• _Exercise aim_: Nothing outside the lines below from the one containing "وانشغَلَ النَّبيُّ - صلى" through the one containing "양경숙 어머님께서 퇴원하기" is to be printed; print those exactly, ends included, and drop the pictures.
Data for review below:
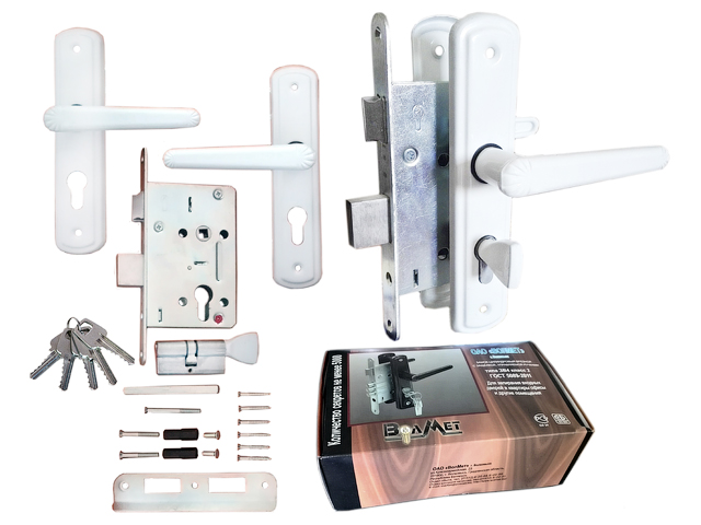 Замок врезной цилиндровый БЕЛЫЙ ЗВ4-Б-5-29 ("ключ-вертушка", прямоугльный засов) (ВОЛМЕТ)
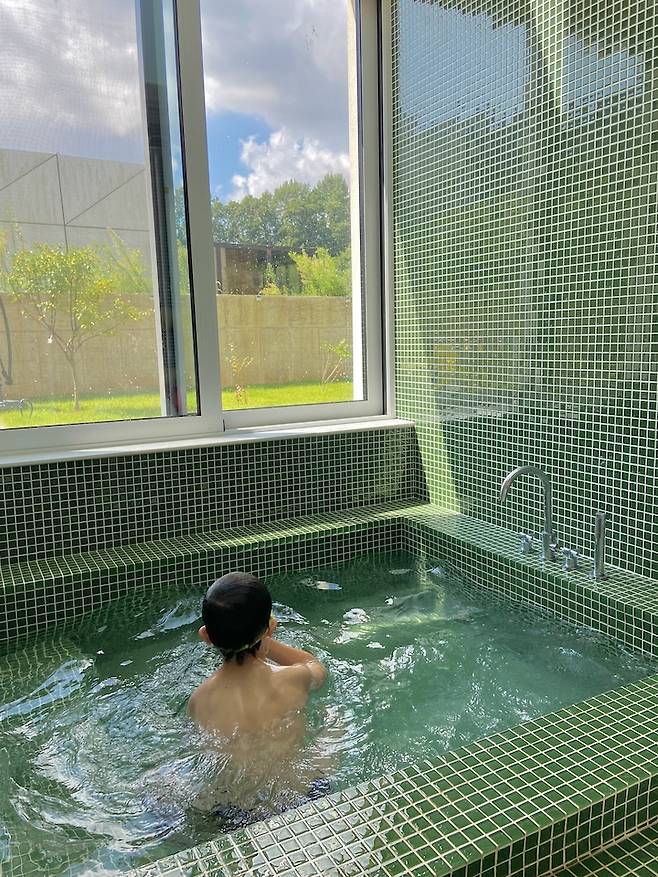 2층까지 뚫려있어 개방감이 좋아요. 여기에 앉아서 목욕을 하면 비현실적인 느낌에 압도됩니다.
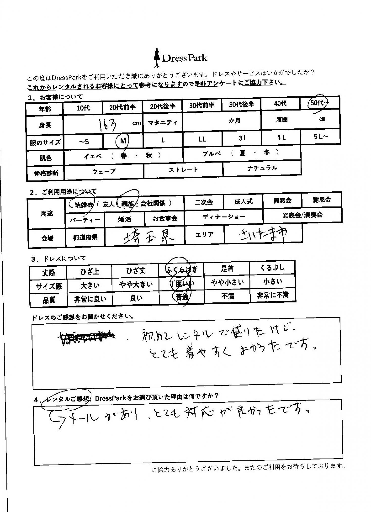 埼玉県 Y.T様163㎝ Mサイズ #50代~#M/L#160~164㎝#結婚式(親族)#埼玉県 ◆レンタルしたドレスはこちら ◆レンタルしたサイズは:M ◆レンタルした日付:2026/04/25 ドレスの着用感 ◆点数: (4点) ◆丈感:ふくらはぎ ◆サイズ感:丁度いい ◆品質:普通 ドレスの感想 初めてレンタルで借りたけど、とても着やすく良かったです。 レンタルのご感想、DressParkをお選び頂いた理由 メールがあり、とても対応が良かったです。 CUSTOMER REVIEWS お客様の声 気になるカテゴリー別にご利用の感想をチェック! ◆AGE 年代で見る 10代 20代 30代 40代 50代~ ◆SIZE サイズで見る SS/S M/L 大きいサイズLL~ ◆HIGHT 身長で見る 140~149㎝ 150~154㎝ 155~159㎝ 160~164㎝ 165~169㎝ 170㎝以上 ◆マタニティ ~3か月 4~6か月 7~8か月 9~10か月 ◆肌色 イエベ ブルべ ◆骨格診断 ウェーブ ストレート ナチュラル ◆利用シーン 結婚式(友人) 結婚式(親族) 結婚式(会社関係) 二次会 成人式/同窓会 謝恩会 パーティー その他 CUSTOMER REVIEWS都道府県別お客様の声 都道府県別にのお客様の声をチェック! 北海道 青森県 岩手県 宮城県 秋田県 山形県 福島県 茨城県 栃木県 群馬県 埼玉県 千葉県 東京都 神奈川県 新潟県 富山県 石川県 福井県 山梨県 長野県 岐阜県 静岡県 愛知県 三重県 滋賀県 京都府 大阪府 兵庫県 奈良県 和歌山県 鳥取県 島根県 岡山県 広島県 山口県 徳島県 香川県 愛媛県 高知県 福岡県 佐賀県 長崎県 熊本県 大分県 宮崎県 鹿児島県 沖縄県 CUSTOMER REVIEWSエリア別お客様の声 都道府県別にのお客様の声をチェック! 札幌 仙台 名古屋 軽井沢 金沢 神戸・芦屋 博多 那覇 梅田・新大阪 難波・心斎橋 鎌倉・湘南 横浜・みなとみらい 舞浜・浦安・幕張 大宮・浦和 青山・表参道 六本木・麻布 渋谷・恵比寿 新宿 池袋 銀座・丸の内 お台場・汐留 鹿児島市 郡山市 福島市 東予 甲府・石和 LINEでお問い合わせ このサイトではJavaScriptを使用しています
End of Data for review.
Data for review below:
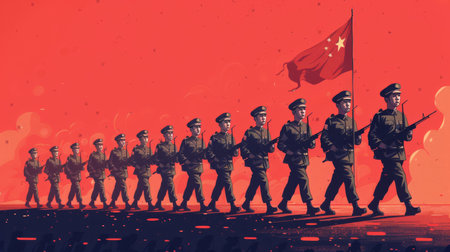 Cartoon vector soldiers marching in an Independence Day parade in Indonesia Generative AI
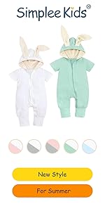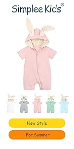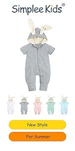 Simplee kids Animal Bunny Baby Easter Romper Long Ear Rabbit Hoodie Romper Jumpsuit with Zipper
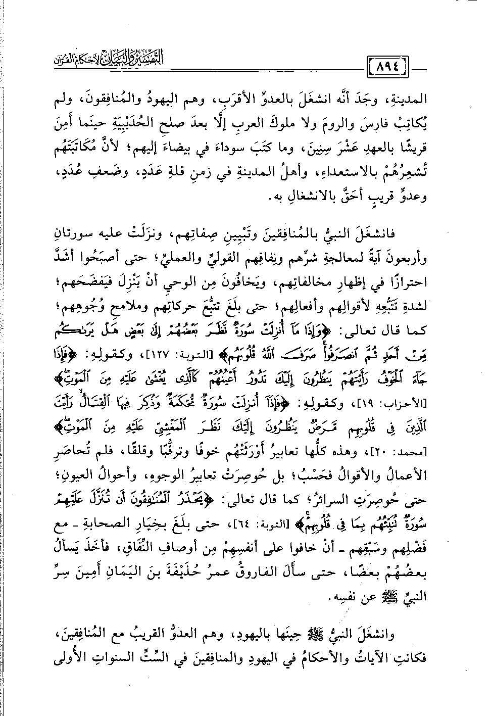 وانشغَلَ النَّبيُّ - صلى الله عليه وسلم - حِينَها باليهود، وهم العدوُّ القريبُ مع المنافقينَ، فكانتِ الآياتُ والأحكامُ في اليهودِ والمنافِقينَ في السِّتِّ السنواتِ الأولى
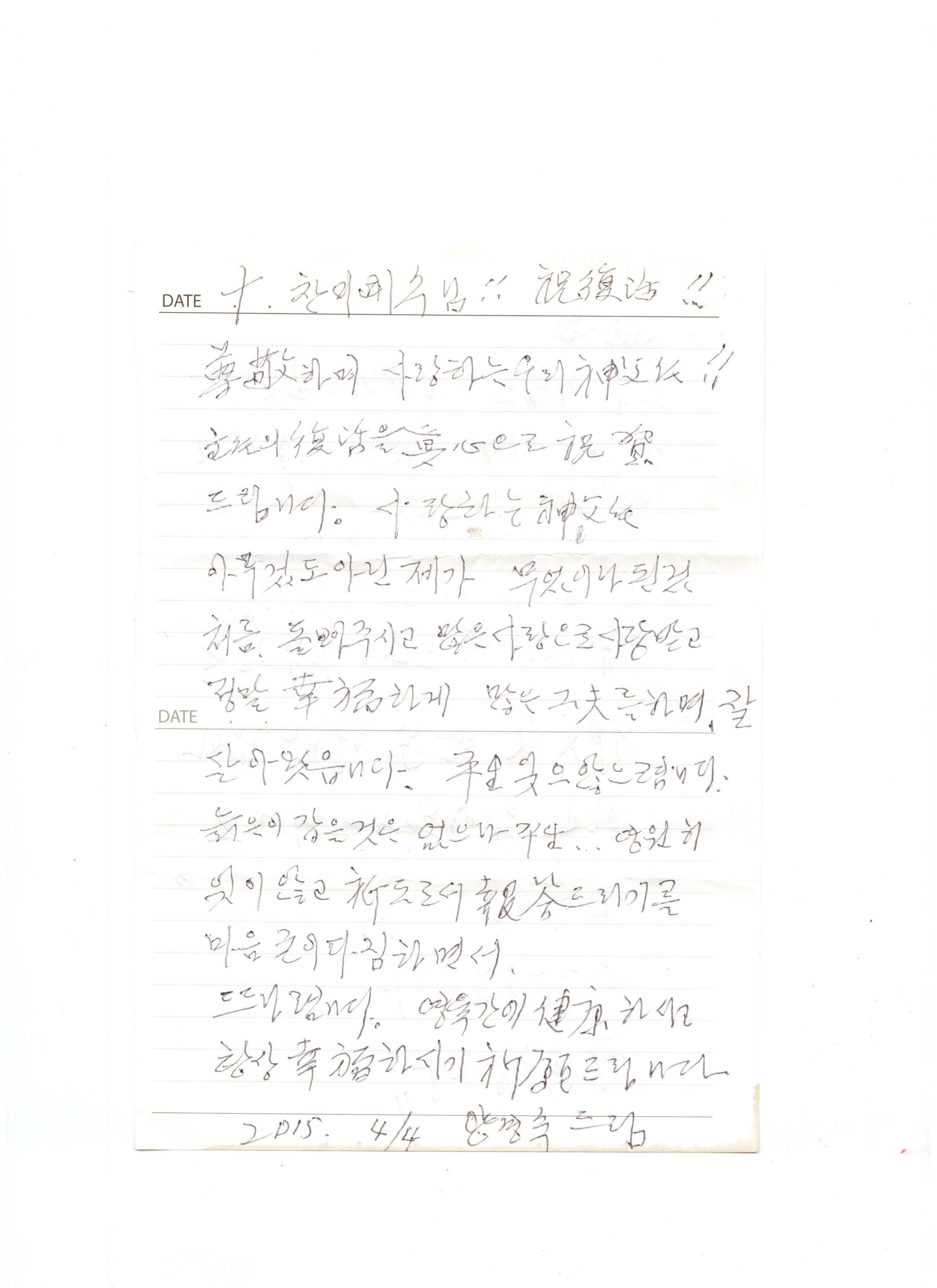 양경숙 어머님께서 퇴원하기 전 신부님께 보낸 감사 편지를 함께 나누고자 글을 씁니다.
End of Data for review.
• _Response box_:
 وانشغَلَ النَّبيُّ - صلى الله عليه وسلم - حِينَها باليهود، وهم العدوُّ القريبُ مع المنافقينَ، فكانتِ الآياتُ والأحكامُ في اليهودِ والمنافِقينَ في السِّتِّ السنواتِ الأولى
 양경숙 어머님께서 퇴원하기 전 신부님께 보낸 감사 편지를 함께 나누고자 글을 씁니다.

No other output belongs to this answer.